Тем временем исповедь Ивана уже зашла о еретиках. Лицо Державного словно бы даже помолодело. В глазах перестали бегать слёзы, выражение глаз сделалось суровым и всё лицо — жёстким. Государь говорил:
— Я жаждал великого усиления державы моей, страшно любил всех, кого считал полезными. Учёный человек мог быть уверен, что найдёт во мне почитателя и покровителя. Это приводило к слепоте. Как подумаю порой — в иных случаях бывал я более слепым, нежели отец мой, Василий Тёмный. Привлекал к себе мудрецов и учёных, а с ними вместе — всезнаек. И не видел разницы между мудрецом и всезнайкою. Мудрец знает много и глубоко и всю премудрость свою направляет во славу Божию и во благо людям. Всезнайка внешне бывает даже больше похож на мудреца, нежели иной мудрец, но се существо совершенно иного, отвратительного рода. Всезнайка богат знаниями и обо всём может рассуждать где угодно, с кем угодно и о чём угодно, и всем будет казаться, что пред ними учёный муж. Однако знания его поверхностны, легковесны. Нахватанность свою всезнайка направляет на пользу не людям, а себе, и дела его никогда не бывают во славу Божию, а токмо во вред. Как будто дьявол всё время неотступно пасёт его. Даже если такой человек и хочет верить в Бога, рано или поздно неминуемо свернёт с пути истины, как-нибудь да подловит его враг рода человеческого. На самолюбии и себялюбии ловит он их обычно. Там, где вместо христолюбив — себялюбие, там всегда гнездятся и трусость, и подлость, и предательство. Ведь верный и истинный раб Божий и любит не себя, а — Христа в себе, частичку искры Божьей, заключённую в человеке, подобно тому, как бисряная жемчужина хранится в морской чашуле. А во всезнайке горделивом сия жемчужина либо вовсе отсутствует, либо он не ведает о её существовании. И вот аз, грешный раб Божий Тимофей-Иоанн, всем своим существом каюсь, что грел у груди своей множество таковых пустых чашуль, принимая их за жемчугоносные кладези. Я их грел добротишкой своей, о которой сын мне сказал, что благодаря ей мы чуть было истинное добро не порастеряли. И самый главный грех мой... Имя этого греха — Фёдор Курицын. Ведь я, Осифе... я повелел отпустить его тогда, пять лет назад.

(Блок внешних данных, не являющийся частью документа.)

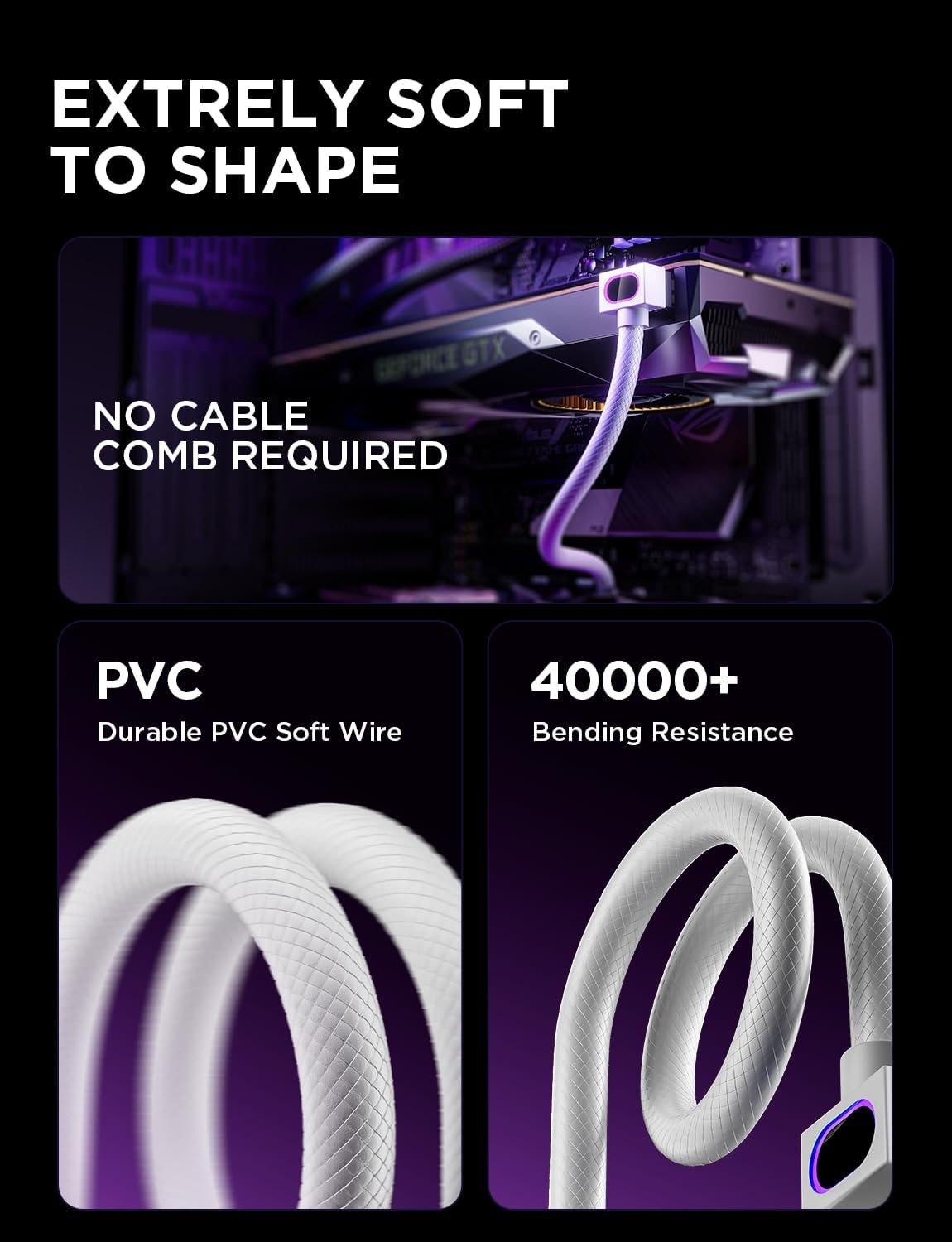 簡単に曲げられるほど柔軟で、長持ちする PVC ソフト素材で作られています。ケーブルコームなしでも 40,000 回以上の折り曲げに耐え、長期にわたる信頼性を保証します。

— Как?! — вскричал Иосиф, ужаленный этим признанием в самое сердце. Он знал о множестве слухов, что якобы ересиарх Курицын был пощажён и отпущен самим Державным, но не хотел им верить. — Разве Курицына не умертвили в кремлёвском подполье?

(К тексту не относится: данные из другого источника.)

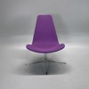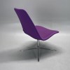 Fåtölj från Offecct, modell Spoon. Designad av Monica Förster. Hög rygg är klädd i ett slitstarkt lila tyg med snurrstativ i krom.

— Нет, Осифе, — скрипя зубами, отвечал Иван Васильевич. — Я тогда повелел увезти его подальше от Москвы и выдворить за пределы державы моей. Ему было сказано, чтобы не смел казать носа своего на Руси, чтобы юркнул и спрятался под крылом у мадьяр или каких-нибудь мунтьянцев, и он дал слово, что не ступит нога его на землю Русскую.

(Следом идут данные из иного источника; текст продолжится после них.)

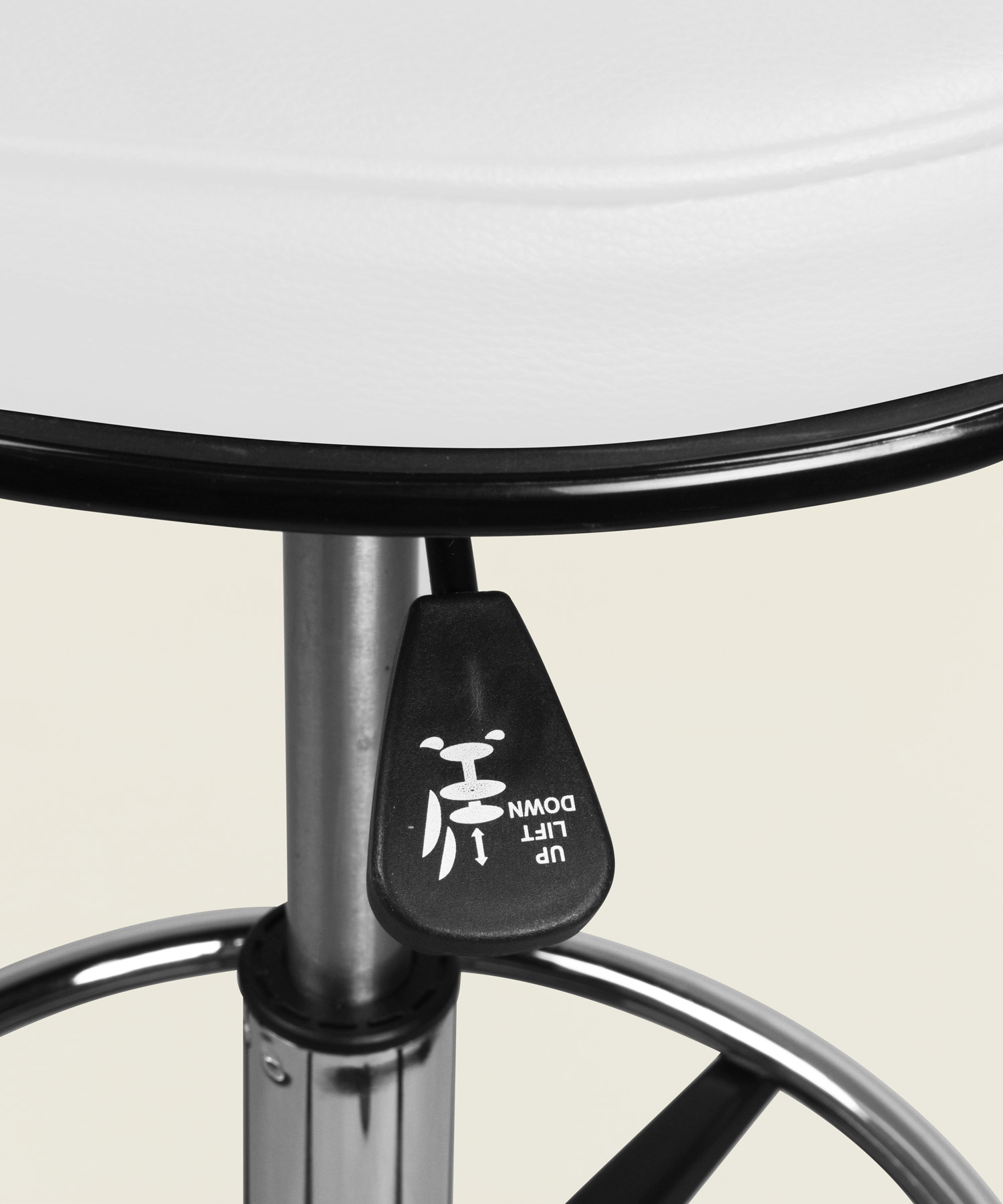 Υλικό κατασκευής: Τεχνητό δέρμα (PU), μεταλλική βάση, τροχοί από ανθεκτικό πλαστικό, υποπόδιο (μεταλλικό δαχτυλίδι)

— И ты поверил его слову? — В душе Иосифа всё начинало закипать. Только что он обожал государя, расслабился, готовый принять любую исповедь Ивана. Любую, но только не эту. — Ты отпустил его, зная обо всех мерзостях?
— Да.
— Зная о том, что он отрёкся от Христа и проповедовал жидовскую веру, что поклонялся сатане льстивому, змию Моисееву?
— Да.
— Зная, что порученные им мерзавцы ругались над православными иконами, зубами грызли честной крест, рыли подземелья в поисках входов в преисполню, алчущи тем дырам поклоняться?
— Да.
— Ты знал обо всём этом и отпустил гадину? Да ведь это же всё равно, как если бы ты схватил самого чёрта и повелел отвезти его к державным границам и там отпустить в Мунтению либо в Венгрию, вместо того чтобы бросить его в огонь под пение анафемы. А если бы тебе посчастливилось схватить самого Схарию или Мошку Хануша, ты и их бы пощадил?